Она посмотрела на Джейн:
– Мне нужен список лекарств, которые он принимал. Узнай, кто был его лечащим врачом.
– Зачем?
Маура подняла кусочек ткани:
– Затем, что вот здесь объяснение его самоубийства.
33
– Я понятия не имела, – сказала Холли Девайн, сидевшая на диване в своей гостиной, сложив руки на коленях. – Я видела, что папа похудел, но он мне сказал, что только что перенес воспаление легких. Он не говорил, что умирает. – Она посмотрела через кофейный столик на Джейн и Фроста. – Может, он и сам не знал.

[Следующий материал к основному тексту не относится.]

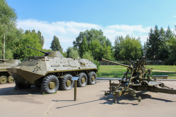 На площади около здания Первой женской гимназии находится Экспозиция Военная техника. Открыли 7 сентября 2002 года.

– Ваш отец определенно знал, – возразила Джейн. – Осматривая его аптечку, мы нашли рецепты от онколога, доктора Кристины Кадди. Четыре месяца назад вашему отцу поставили диагноз: рак легких. Он уже распространился и на кости, и когда доктор Айлз изучала рентгенограмму, то обнаружила метастатическое поражение на позвоночнике. Ваш отец, вероятно, страдал от болей, потому что в ванной мы нашли недавно выписанный ему пузырек викодина.
– Он сказал, что потянул мышцу. И что с болями дело улучшается.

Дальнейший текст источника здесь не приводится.